DATA SECTION below:
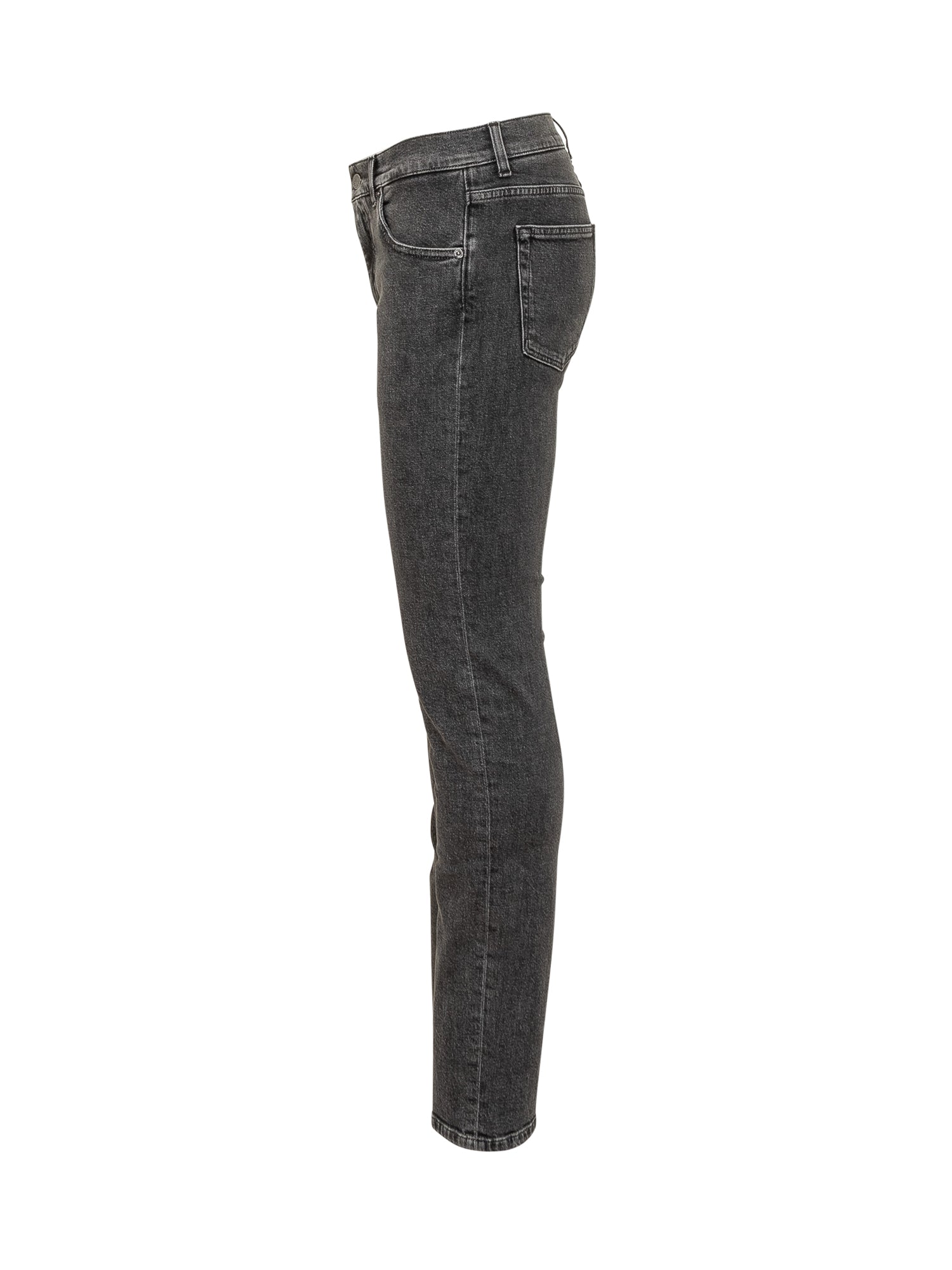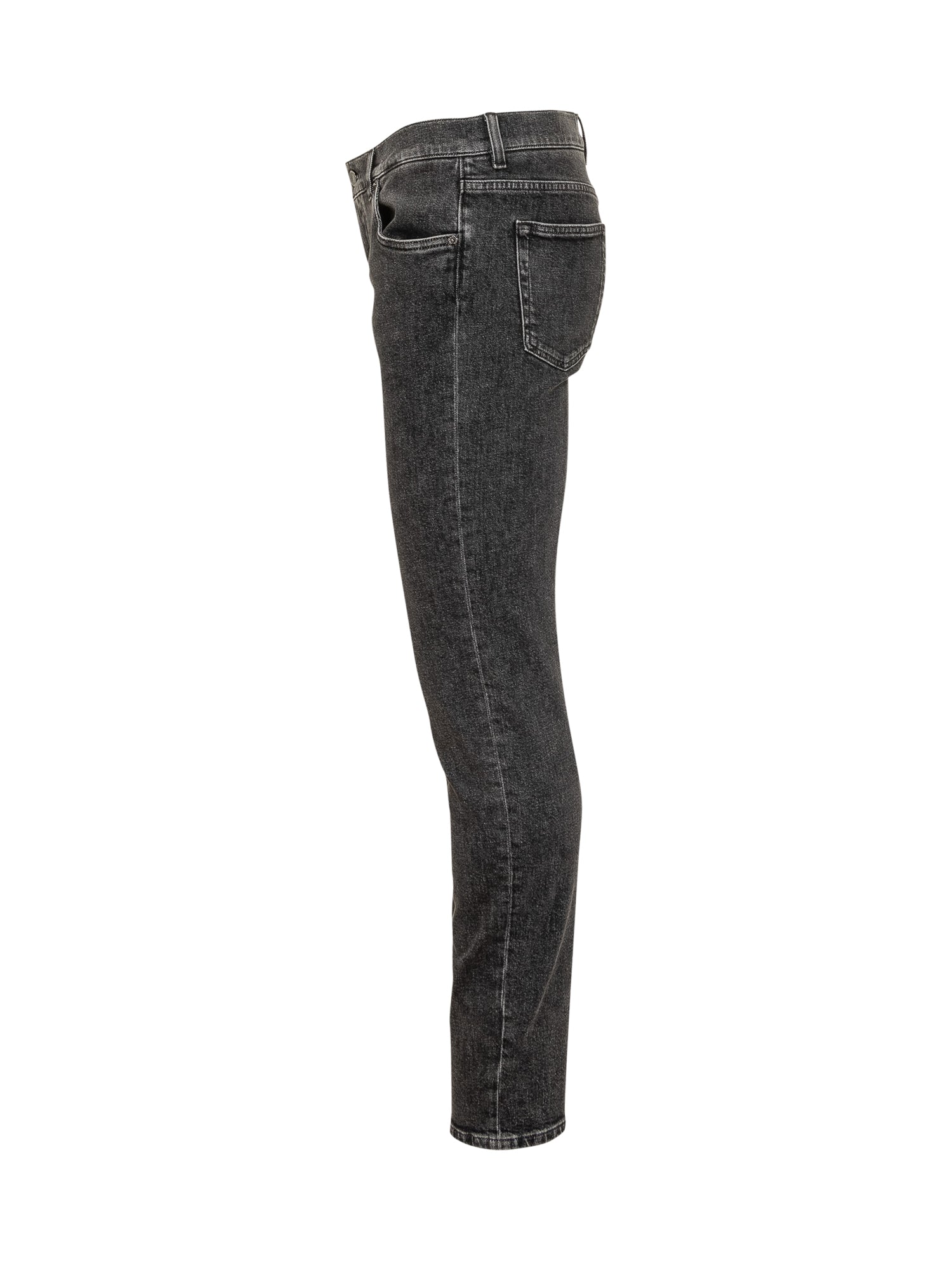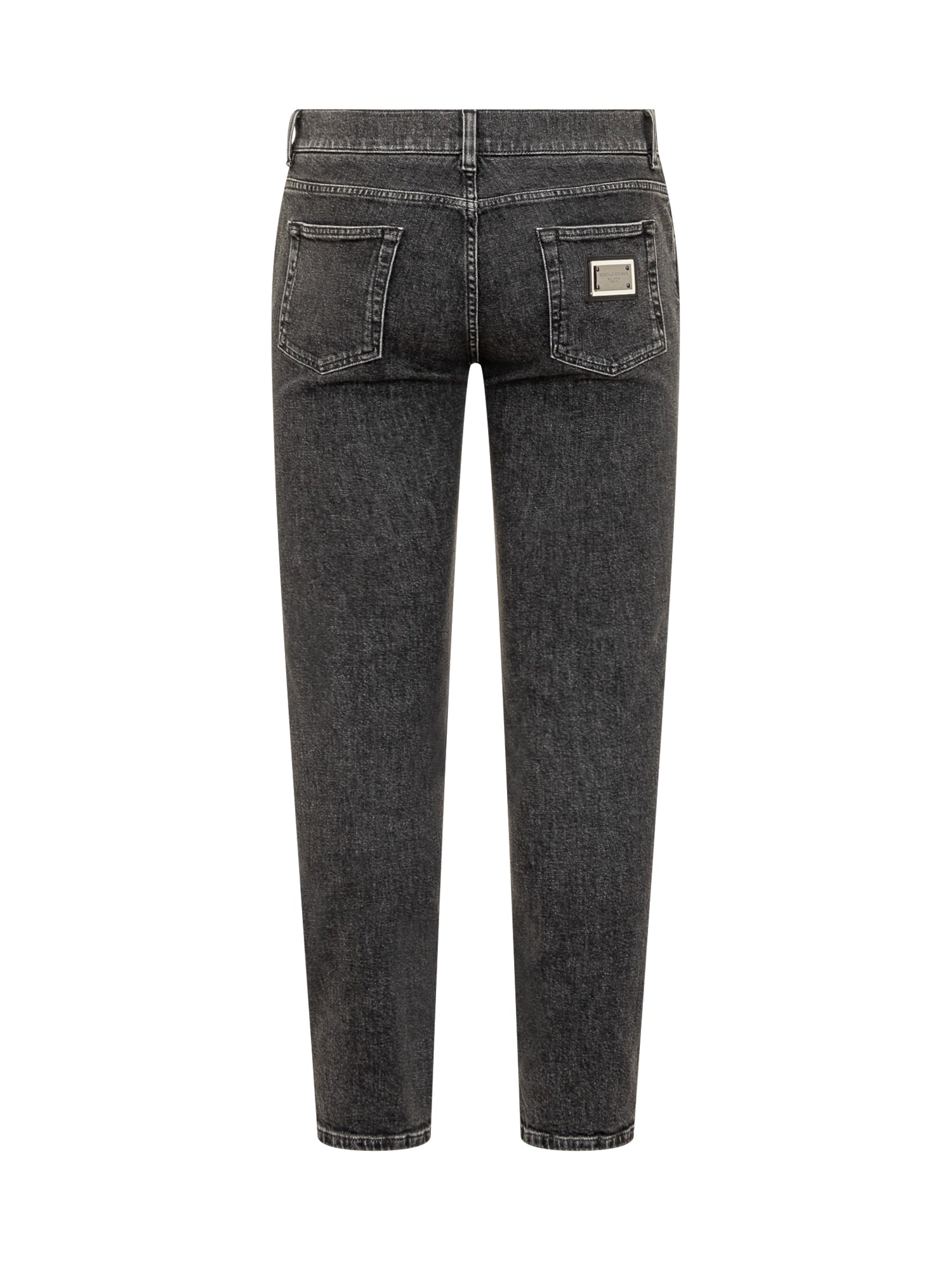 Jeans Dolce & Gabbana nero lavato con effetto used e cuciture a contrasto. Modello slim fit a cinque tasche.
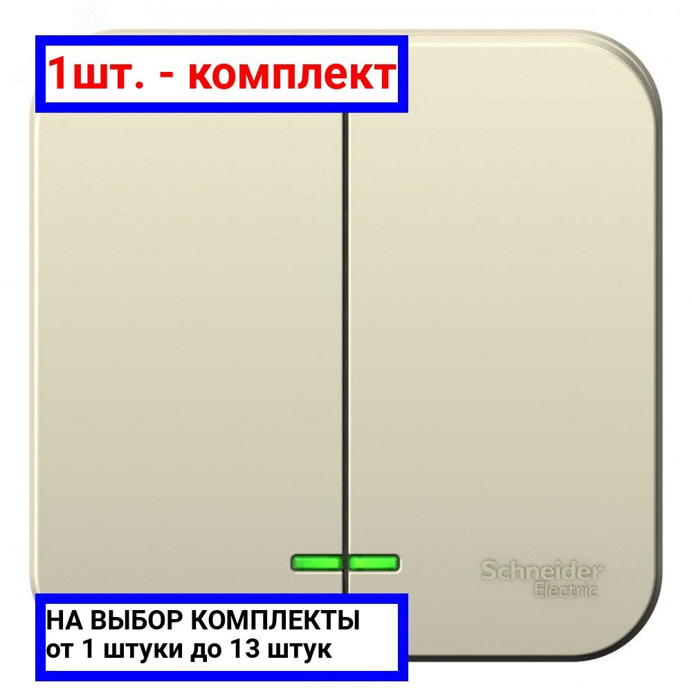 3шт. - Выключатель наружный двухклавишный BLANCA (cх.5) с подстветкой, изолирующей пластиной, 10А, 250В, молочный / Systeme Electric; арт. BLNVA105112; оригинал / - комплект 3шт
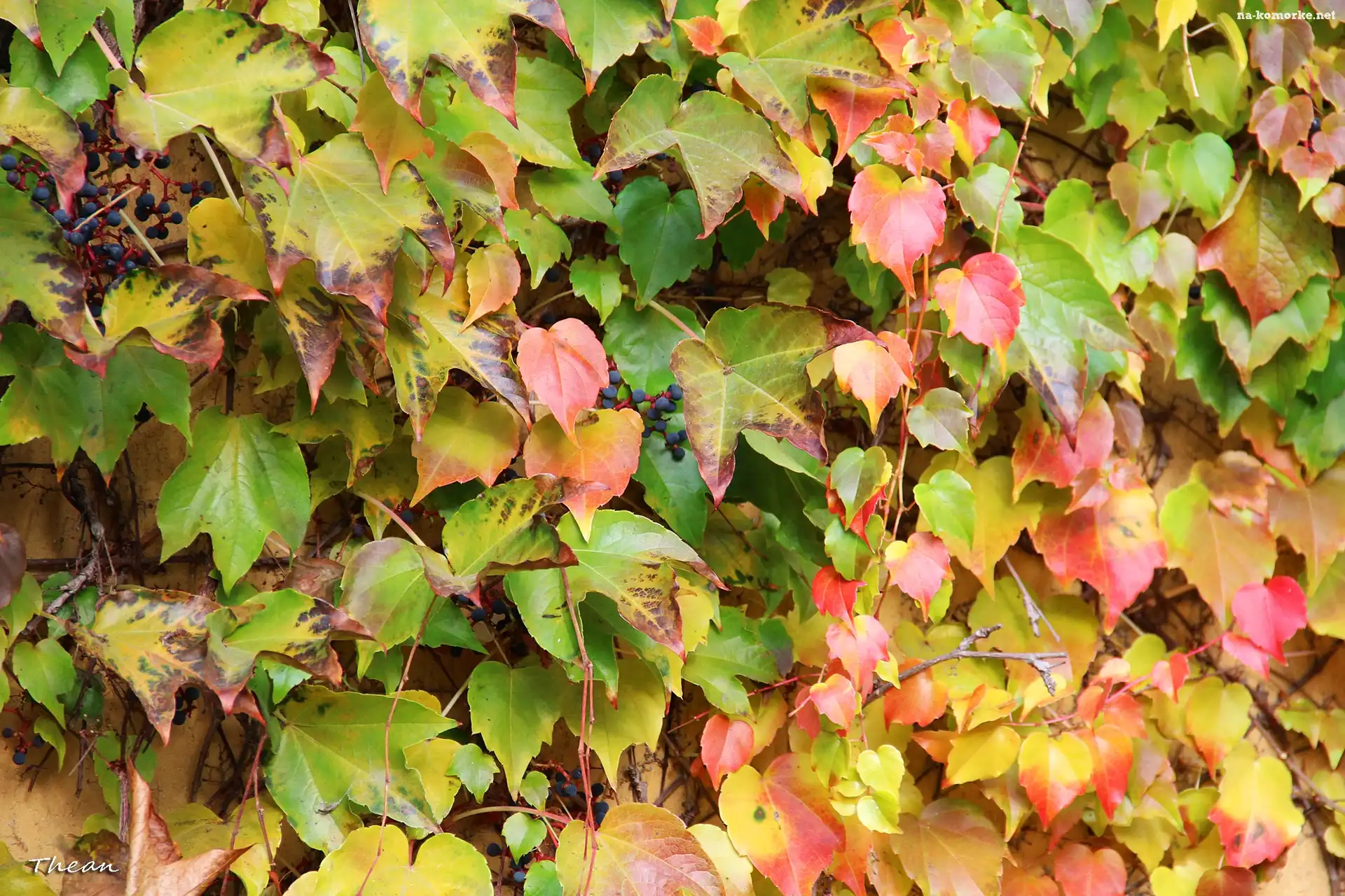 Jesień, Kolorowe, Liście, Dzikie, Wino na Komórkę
End of DATA SECTION.
With the pictures left out, return all the material above exactly.

## TASK OUTPUT
 Jeans Dolce & Gabbana nero lavato con effetto used e cuciture a contrasto. Modello slim fit a cinque tasche.
 3шт. - Выключатель наружный двухклавишный BLANCA (cх.5) с подстветкой, изолирующей пластиной, 10А, 250В, молочный / Systeme Electric; арт. BLNVA105112; оригинал / - комплект 3шт
 Jesień, Kolorowe, Liście, Dzikie, Wino na Komórkę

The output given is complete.